Olivier Bondéelle Résumé-séminaire du MoDyCo 18 février 2009
Université Paris X / Leiden University
Propriétés combinatoires des bases verbo-nominales en wolof: exemples des émotions
En wolof, certains lexèmes sont considérés comme des bases verbo-nominales (Nouguier-
Voisin, 2002 : 19) : ils ont la même forme et ils présentent la plupart du temps une polysémie
régulière du type : Action ↔ Nom d’action, ou Action ↔ Nom d’Actant’ (Apresjan, 1992 :
216-259). La double flèche se justifie par le fait que je ne préjuge pas d’un sens à priori de
dérivation sémantique.
XARITOO (B) ‘se lier d’amitié avec quelqu’un’ ↔ ‘liens d’amitié avec quelqu’un’.
Lexème verbal et lexème nominal ont vraisemblablement le même nombre d’actants
sémantiques : ici, les deux amis et la cause de leur amitié. Je testerai cette hypothèse en
utilisant le formalisme des décompositions sémantiques sous forme de graphes, et des
fonctions lexicales qui associent un lexème nominal à ses verbes supports (Mel’cuk et al.
1995, Mel’cuk 2004).
Il est admis que la distinction nom/verbe en wolof se fait selon la position et le comportement
combinatoire de l’unité lexicale (Nouguier-Voisin, 2002 : 19 et Robert 2003 : 103).
Dans le cas ci-dessus, il est vrai que la présence du suffixe verbal de réciprocité –oo indique
que la base est verbale.
Je propose de privilégier la combinatoire des bases verbo-nominales non dérivées comme
BËQËT (B) ‘craindre, avoir peur’ ↔ ‘peureux, poltron’ ; JAAXLE (G) ‘être inquiet, être dans
une situation embarrassante’ ↔ ‘inquiétude, trouble’ (si le suffixe verbal « possessif » -le
existe en wolof, la racine JAAX n’existe pas en synchronie) ; MER (M) ‘être fâché, se fâcher’
↔ ‘colère’. La lettre majuscule entre parenthèses précise la classe nominale.

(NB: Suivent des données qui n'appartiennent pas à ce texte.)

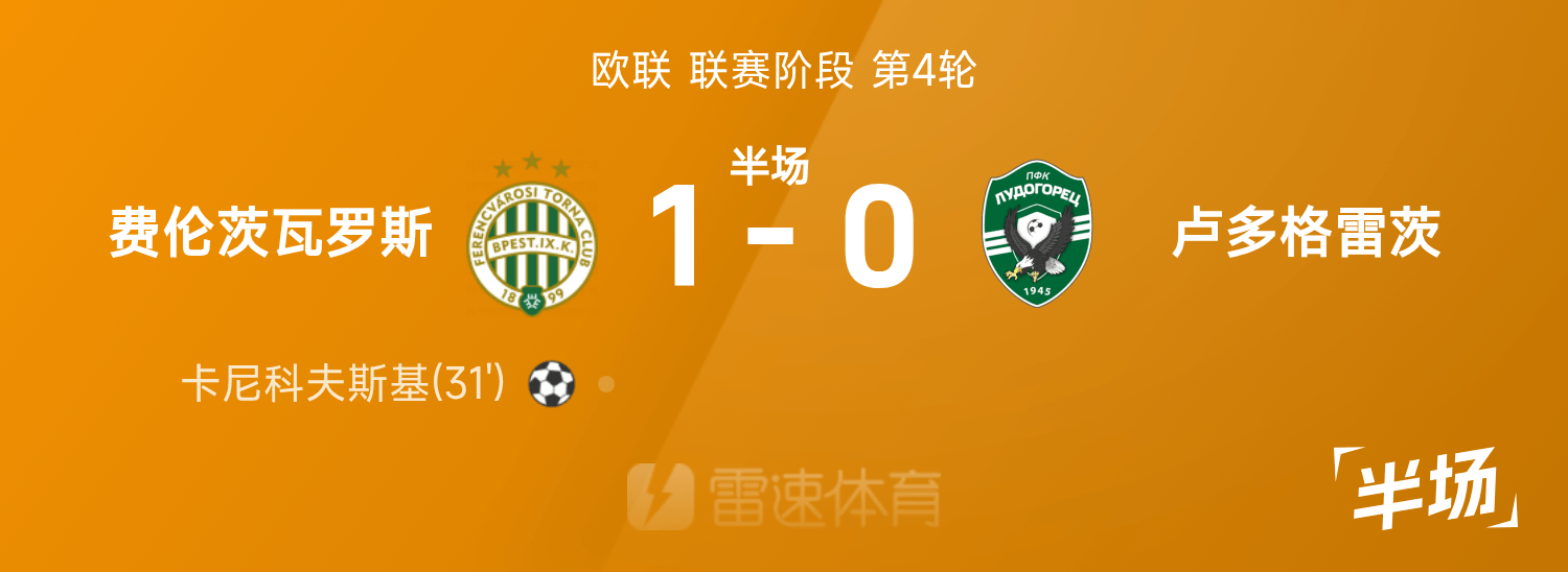 6686 Sports 07 พฤศจิกายน ในรอบที่สี่ของยูโรปาลีก 25/26 Ferencvaros เผชิญหน้ากับ Ludogorets หลังพักครึ่งสกอร์ระหว่างทั้งสองฝ่ายคือ เฟเรนซ์วารอส 1-0 ลูโดโกเร็ตส์ โดยคานิคอฟสกี้เป็นผู้ทำประตู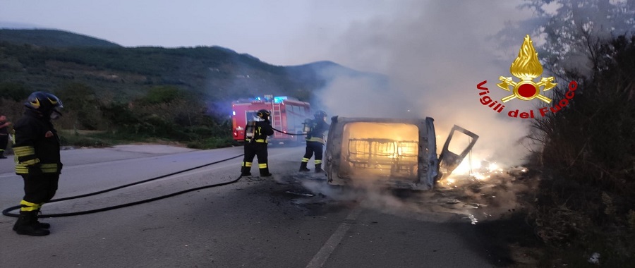 Mugnano del Cardinale (Av) – I Vigili del Fuoco di Avellino subito dopo le ore 19’00 di oggi 8 settembre, sono intervenuti nel territorio del comune di Mugnano del Cardinale, subito dopo l’uscita del casello autostradale di Baiano, per un incendio che ha interessato un pulmino in transito con a bordo sei persone, le quali una volta che si sono accorti della fuoriuscita di fumo e fiamme dal vano motore, hanno fatto appena in tempo a mettersi in salvo.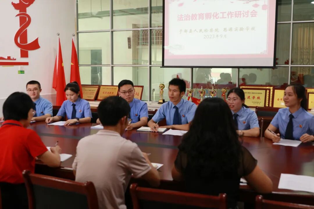 9月18日下午,于都县检察院法治教研小组成员来到于都县思源实验学校,共同研讨新学期法治教育课程计划及内容。法治教研小组是法治教育孵化基地三大活动小组之一,小组成员由于都县检察院干警和思源学校教师共同组成,主要负责法治教育工作,培养学生的法治意识和习惯养成。研讨中,各位小组成员各抒己见,对新学期法治教学课程《面对欺凌 勇敢说“不”》提出修改意见,思源学校老师从教学角度针对教学内容、表达方式和教学效果等方面提出了自己的意见建议,得到与会者的充分肯定并对课程进行完善。下午16时,于都县检察院法治教研小组成员在思源实验学校录播教室给8年级11班的学生上《面对欺凌 勇敢说“不”》为主题的法治课,该校其他33个班的学生在教室里观看直播。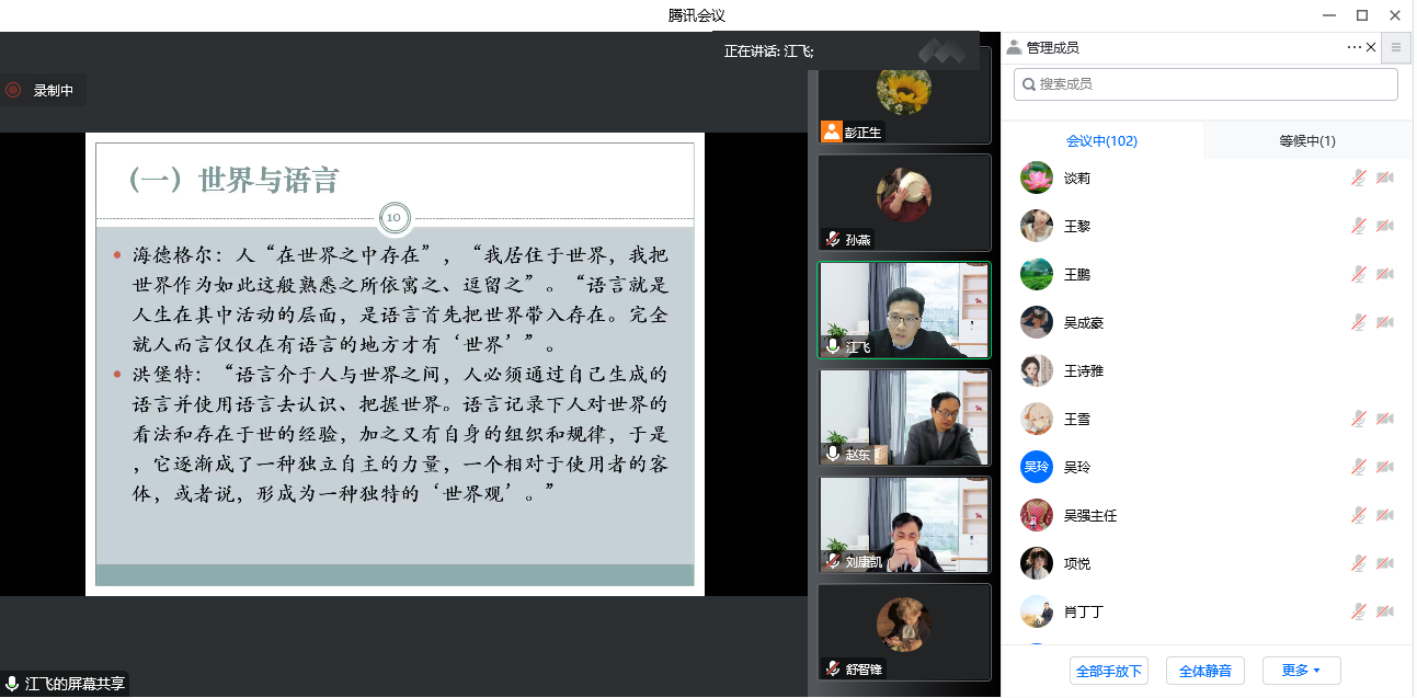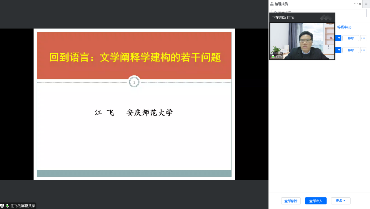 11月16日晚,文學與傳媒學院第1期中國語言文學學科學術沙龍以線上線下結合的形式舉辦。安慶師范大學人文學院教授、安徽省評論家協(xié)會副主席江飛應邀做題為“回到語言:文學闡釋學建構的若干問題”的學術講座。學院學術委員會主任、中國語言文學學科負責人趙東教授主持講座,全院教師、學生代表130余人參加。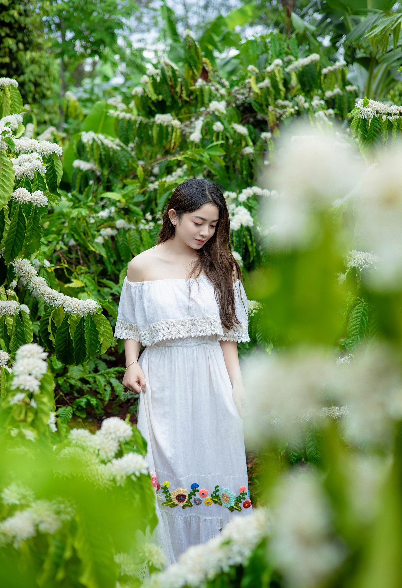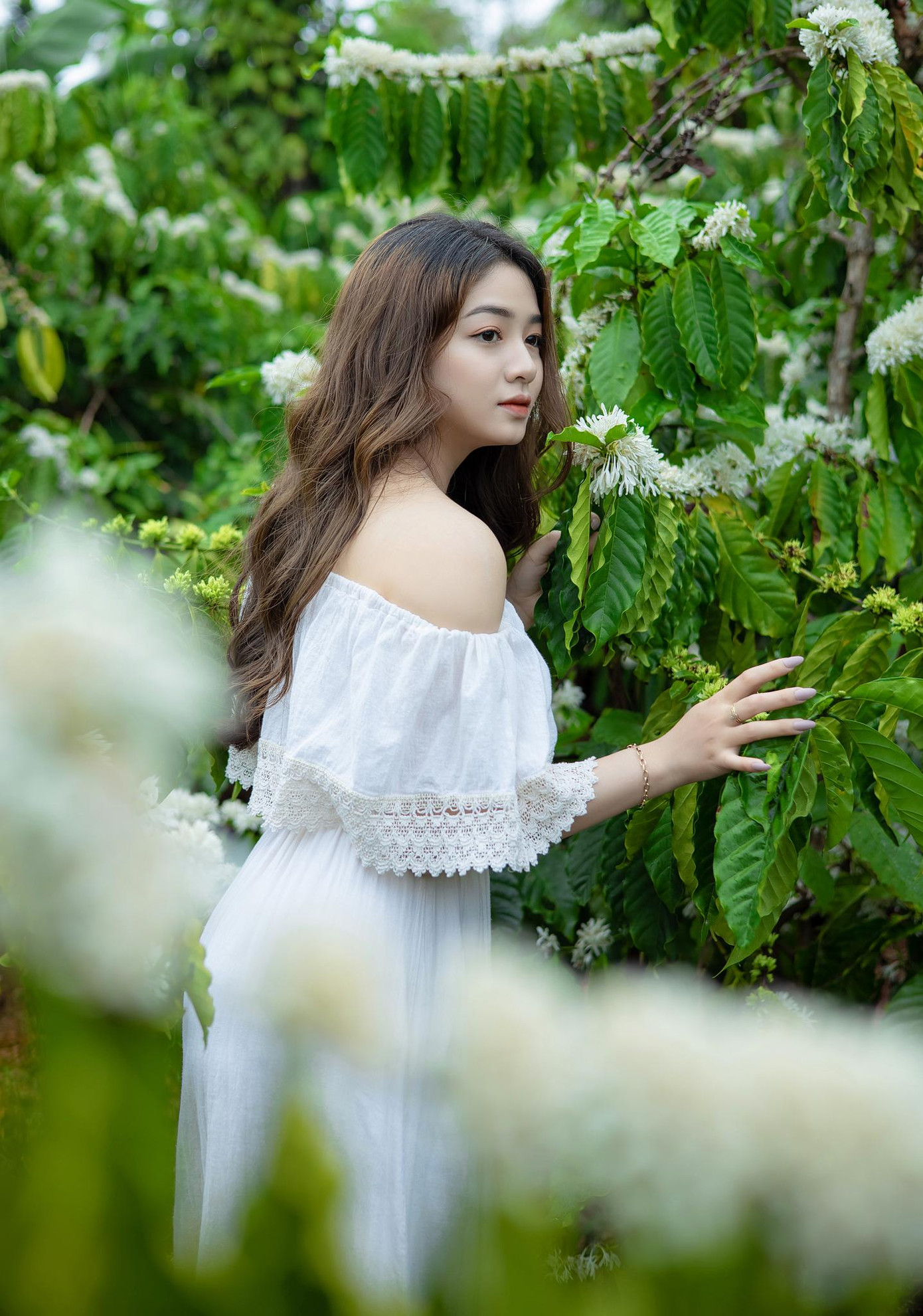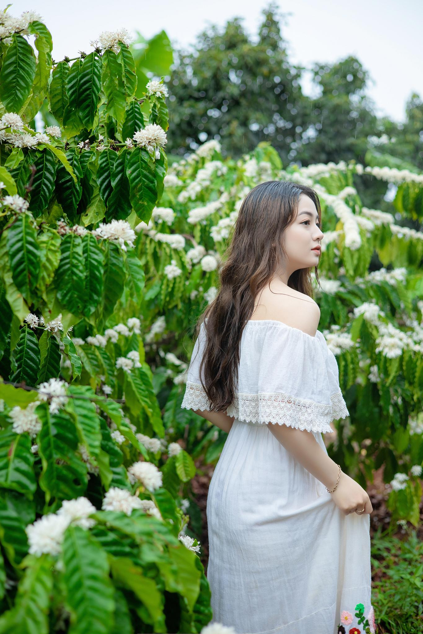 Xuân Trúc chia sẻ: “Nhắc tới Tây Nguyên thì không thể không nhắc tới cây cà phê, nó như gắn liền với cuộc sống của mỗi con người nơi đây. Chính vì thế mình muốn có bộ ảnh với loài hoa vừa độc đáo, vừa thân thuộc, vừa gần gũi này mà không phải đụng hàng ai hết.”

Le wolof en effet
est une langue à classes nominales dont les indices sont indissociables des noms.
Les mêmes indices spatiaux modifiant les noms et les verbes ont déjà été mis en évidence
(Robert 1998). J’étendrai cette question à d’autres indices qui n’ont pas forcément la même
forme, selon qu’ils modifient le verbe ou le nom : l’indice d’aspect pour le verbe, et l’indice
de nombre pour le nom. Ils ont ceci en commun qu’ils modifient tous deux le caractère discret
ou continu du lexème. Les noms comptables acceptent le pluriel, et les verbes d’activité se
combinent avec l’inaccompli à valeur progressive : RAGAL (B) ‘peureux’ ↔ ‘faire peur’.
Cette base verbo-nominale est considérée comme une entité discrète.
Le cas des humeurs sentimentales comme MER (M) ‘(être) en colère, se fâcher’ ↔ ‘colère’
est intéressant parce que cette base n’est considérée ni comme une entité discrète ni comme
une entité continue (Robert 1991). Ce genre de verbes peut se combiner avec les aspects
perfectifs et imperfectifs, tandis que ce genre de noms se combine de façon préférentielle avec
des verbes d’état de quantité.
Au cours de cette présentation, j’aurai parcouru des degrés de cohésion sémantique entre les
deux catégories grammaticales en donnant un aperçu de polysémies intra-catégorielles et
transcatégorielles. (Robert 2003 et Victorri 2002).
Références
Apresjan, 1992. Lexical semantics, user's guide to contemporary Russian vocabulary. Ann Arbor, Karoma
Publishers
Becher, J. 2003. Experiencer constructions in Wolof. Hamburger afrikanistische Arbeitspapiere 2:1-89.
Mel’cuk, I. and al. 1995. Introduction à la lexicologie explicative et combinatoire. Louvain-la-Neuve : Duculot.
Mel’cuk, I. 2004. Actants in Semantics and Syntax I. Linguistics 42:1, 1-66. Berlin
Mel’cuk, I. 2004. Verbes supports sans peine. Lingvisticae Investigationes 27: 2, 203-217. Amsterdam: Johns
Benjamins
Nouguier Voisin, S. 2002. Relations entre fonctions syntaxiques et fonctions sémantiques en wolof. s.n.
Robert, S. 1991. Approche énonciative du système verbal: le cas du Wolof. Paris: CNRS.